“Someone has to be pretty fascinating, pretty enigmatic, pretty Nixonian to keep one fascinated for 28 3/4 hours.”
So says Sir David Frost about President Nixon in this CNN article (with accompanying video clip). Frost also discusses his visit to San Clemente with Caroline Cushing:
“For 20 minutes at his house … my girlfriend and I saw a carefree Nixon,” [Frost] recalled. “For this 20 minutes, the curtain just lifted,” and Nixon showed them a guest room where Soviet leader Leonid Brezhnev stayed, brought out caviar he’d been sent by the Shah of Iran and asked for a Henry Kissinger impression. “He was really carefree for 20 minutes, and then, just towards the end … the screen came across again.”

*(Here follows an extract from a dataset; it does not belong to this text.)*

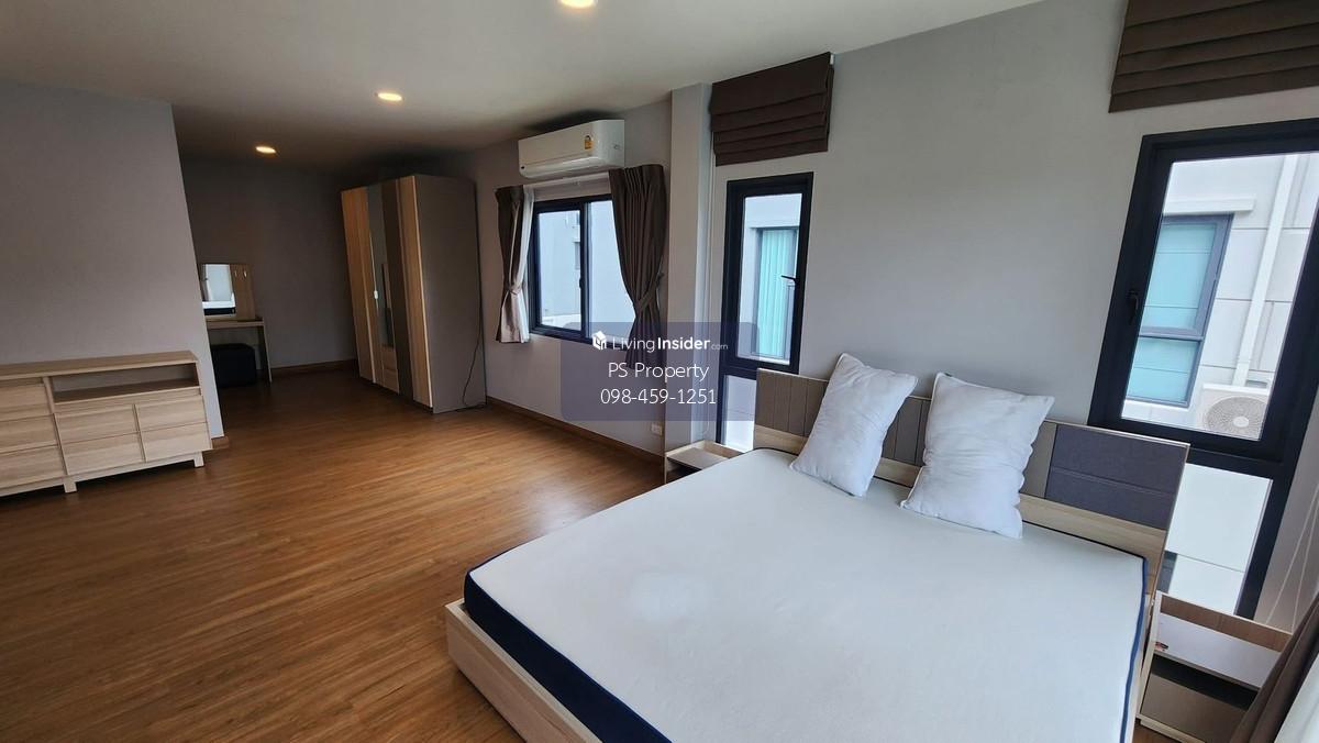 Price: 80,000 baht / month Usable area: 190 sq.m. Area: 50.8 sq.w. Floor: 2 4 bedrooms / 4 bathrooms / 1 living room / 2 parking spaces Amenities: CCTV, key card Access, fitness center, swimming pool, 24/7 security guard, co-working area, common area. Furniture included: TV, microwave, sofa, refrigerator, bed, air conditioner, water heater, Smoke Dispenser, shelf, TV cabinet, wardrobe, center table. House for rent! convenient transportation, near BTS, near the expressway, fully furnished Ready for viewing. Interested please contact: 📞Call center: Contact number 📱Hotline: Contact number 📲Whatsapp: Contact number 🖱️Line: @psproperty https://lin.ee/d8bpOBs Website: https://www.ps-property.co.th/
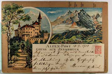 Card # 179011. View Larger | Rotate Austria, Innsbruck, Gruss Aus, Used 1908 pwof & m cor cr F-VF

Readers who saw Frost/Nixon, onstage and on screen, will recall that this visit is portrayed in both play and film, minus the impression of Dr. Kissinger, which, from the way this paragraph is phrased, appears to be something that RN asked either Sir David or Ms. Cushing to do. (A woman imitating Dr. Kissinger? This may sound improbable to younger readers, but believe me, in the 1970s it would sometimes happen if a party lasted long enough.)
The article also refers to the use of RN’s “I’m saying when the president does it, that means it is not illegal” line in the film. Here I need to make a correction. In two previous posts I said that Peter Morgan’s play used the line in the context in which it was spoken in the actual interviews, during a discussion of the “Huston plan,” and that the film inserted it into a discussion of the events after the Watergate break-in. I’ve since checked my copy of the play as it was published by Faber in 2006 and found that the play used the line just as the film does.